# Lonely me



## Nick Prochilo (May 7, 2006)

Okay, I didn't take a lot of pictures but I feel like I had to try and spark something here. Here's tonights dinner, grilled chicken, sausage and vegetables. Nothing fancy but somebody has to post something here!

http://img56.imageshack.us/slideshow/pl ... 28uih.smil


----------



## Finney (May 7, 2006)

_Nick sings:_
Lonely....... I'm Mr Lonely......................


----------



## Guest (May 7, 2006)

You didn't cook all that!  [-X


----------



## Nick Prochilo (May 7, 2006)

Finney said:
			
		

> _Nick sings:_
> Lonely....... I'm Mr Lonely......................



 :shy:  :bored:


----------



## LarryWolfe (May 8, 2006)

Nick when I first opened that I thought you had a snake on the grill!     What kinda sausage was that?  Everything looked great!


----------



## Captain Morgan (May 8, 2006)

You won't be lonely long if you keep cooking like that.


----------



## Finney (May 8, 2006)

Captain Morgan said:
			
		

> You won't be lonely long if you keep cooking like that.


Great... He'll have a bunch of fat, drunk guys to hang out with.


----------



## Captain Morgan (May 8, 2006)

no that happens when his daughter comes home.


----------



## Finney (May 8, 2006)

Captain Morgan said:
			
		

> no that happens when his daughter comes home.
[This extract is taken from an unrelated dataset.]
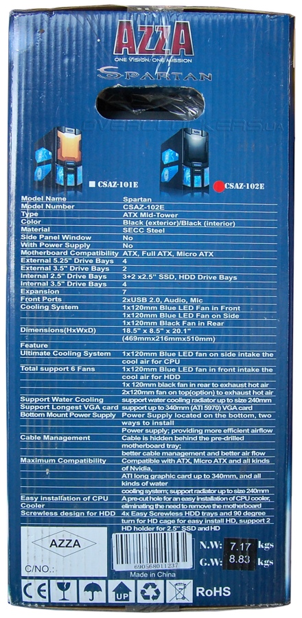 Корпус имеет классическую цельную конструкцию. Выполнен в формате Middle-Tower размерами 469x216x510 мм. Дизайн нельзя назвать сверхоригинальным, но выглядит Spartan вполне симпатично.

I'd show up for that too. 8-[


----------



## Bill The Grill Guy (May 8, 2006)

That sausage looked great.  What kind is it?


----------



## Green Hornet (May 8, 2006)

Finney said:
			
		

> Captain Morgan said:
> 
> 
> 
> ...


Well...that should liven things up here....be careful what ya ask for around these guys...yall should know better! :!:


----------



## Nick Prochilo (May 8, 2006)

The sausage was Sweet Italian with cheese & fennel seed (Chris yells hooray!). My wife picked it up at the local supermarket. It was good, but not as good as the sausage we picked up from Trader Joes a couple of weeks ago.


----------



## ScottyDaQ (May 9, 2006)

Yum Yum! 
 =P~  =P~  =P~


----------



## Finney (May 9, 2006)

Nick Prochilo said:
			
		

> The sausage was Sweet Italian with cheese & fennel seed (Chris yells hooray!). My wife picked it up at the local supermarket. It was good, but not as good as the sausage we picked up from Trader Joes a couple of weeks ago.


Oh yeah, I almost forgot........................ "Hooray" 8-[


----------